In contrast, the newly developed hydrogels are composed of renewable plant-based ingredients, primarily starch and glucomannan, making them fully biodegradable. Dr. Łęczycka-Wilk explained, “The hydrogels themselves are three-dimensional polymer networks, capable of absorbing and retaining significant amounts of water and biological fluids without losing their structural integrity.”

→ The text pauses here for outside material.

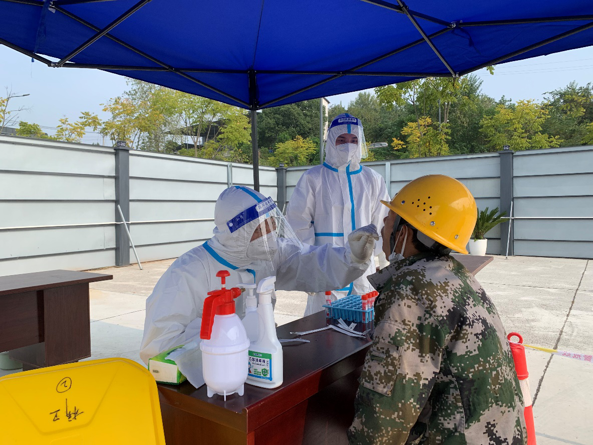 11月5日,為響應區(qū)政府防疫部門有關防疫要求,全面筑牢疫情防線,切實保障全體施工人員的身體健康和生命安全,點盛公司聯(lián)動點軍區(qū)橋邊衛(wèi)生院和國機集團在奧錦花園安置房(三期)項目部開展核酸采樣試點運行工作。取得核酸采樣合格證的奧錦花園三期項目安全員李懿、龍明超為本項目300余名工人順利的完成了核酸采樣工作。

The new materials are capable of absorbing up to 35 times their own weight in water. “Alkaline conditions additionally increase this capability, while the addition of citric acid reduces the degree of swelling, while strengthening the structure of the material, acting as a cross-linking agent,” she said.

One of the most significant features of the new hydrogels is their ability to self-heal. “Moreover, our hydrogels have a unique self-repair capability,” Dr. Łęczycka-Wilk noted. “They can rebuild their structure in just a few hours after damage occurs, making them exceptionally durable and reliable in medical applications.”

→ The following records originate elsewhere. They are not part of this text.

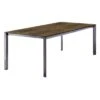 Sehr natürlich gehalten ist das Gestell des Tisches aus Teakholz gefertigt. Optisch ist das Gestell in Natur gehalten. Die Tischplatte ist aus edlem Keramik gefertigt. Im Gegensatz zu vielen anderen Tischplattenmaterialien sind Keramikplatten äußerst kälte- und hitzebeständig und zählen somit zu den robustesten Tischplatten auf dem Markt. Für ein elegantes Gesamtbild erscheint die Platte in der Farbe Basalt. Als klassische Design-Komponente fungiert das geradlinige Vierfußgestell. Mit der rechteckigen Form lässt sich der Gartentisch platzsparend in Ecken oder an Häuserwänden aufstellen.
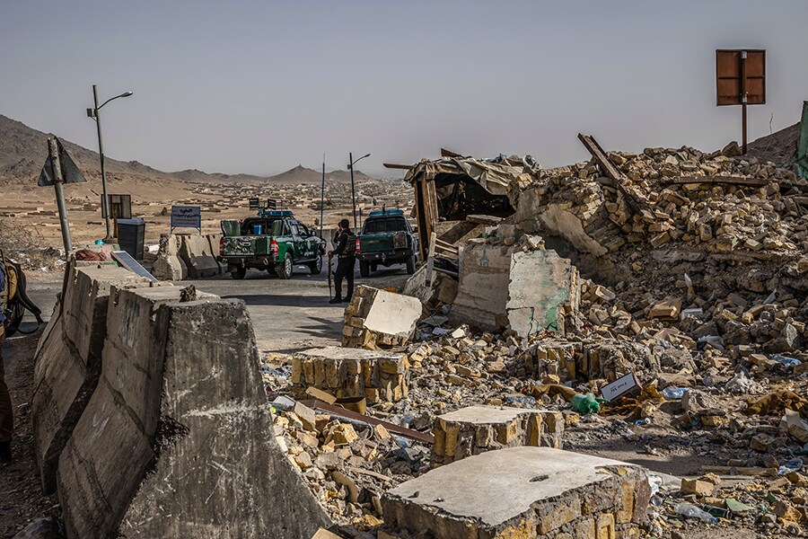 A police outpost in Kandahar, Afghanistan on Aug. 4, 2021, that was destroyed by the Taliban. Two major cities in western and southern Afghanistan were on the verge of collapse to the Taliban on Thursday, Aug. 12, 2021, as the insurgency’s race to seize control of the country accelerated Image: Jim Huylebroek/The New York Times
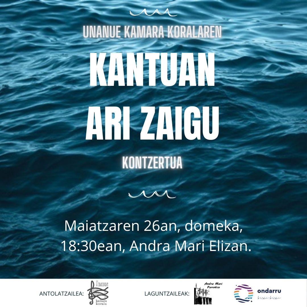 Musikazalik gazenontzako plan ona antolatuzku bixar arratsaldeako Unanue kamara koralekuk, KANTUAN ARI ZAIGU kontzertu. Gogoratu emanaldixe arratsaldeko 6:30xetan hasiko dala eta Andra Mari elixan ixango dala. Gozatu belarrixak doiñu ederrakin!

Thanks to bioactive additives, the hydrogels also offer hygienising and antioxidant properties. “The highest antioxidant activity was recorded in hydrogels with the addition of hydrophobic DES (deep eutectic solvents) based on menthol, thymol, and vanillin,” she reported. “These materials also exhibit high thermal stability—at a temperature of 150 degrees Celsius, the mass of the hydrogel is reduced by only 5 percent.”

Potential applications for the new hydrogels are wide-ranging. “They can be used to support wound healing, as intelligent dressings which automatically rebuild their integrity after damage, providing continuous protection and an optimal microenvironment for tissue regeneration,” Dr. Łęczycka-Wilk said. “They can also serve as biocompatible implants, controlled-release drug carriers, or materials for tissue engineering that support regenerative processes by imitating the properties of the extracellular matrix and stimulating cell proliferation.”

Beyond medical applications, the development aligns with global efforts to reduce environmental impact and promote circular economy principles. “Hydrogels based on natural polymers are biodegradable, biocompatible, and fit into the assumptions of the circular economy,” Dr. Łęczycka-Wilk said. “Their production allows to reduce the consumption of non-renewable raw materials and the emission of harmful substances, while offering a new quality in wound treatment, cosmetics, and other biomedical applications.”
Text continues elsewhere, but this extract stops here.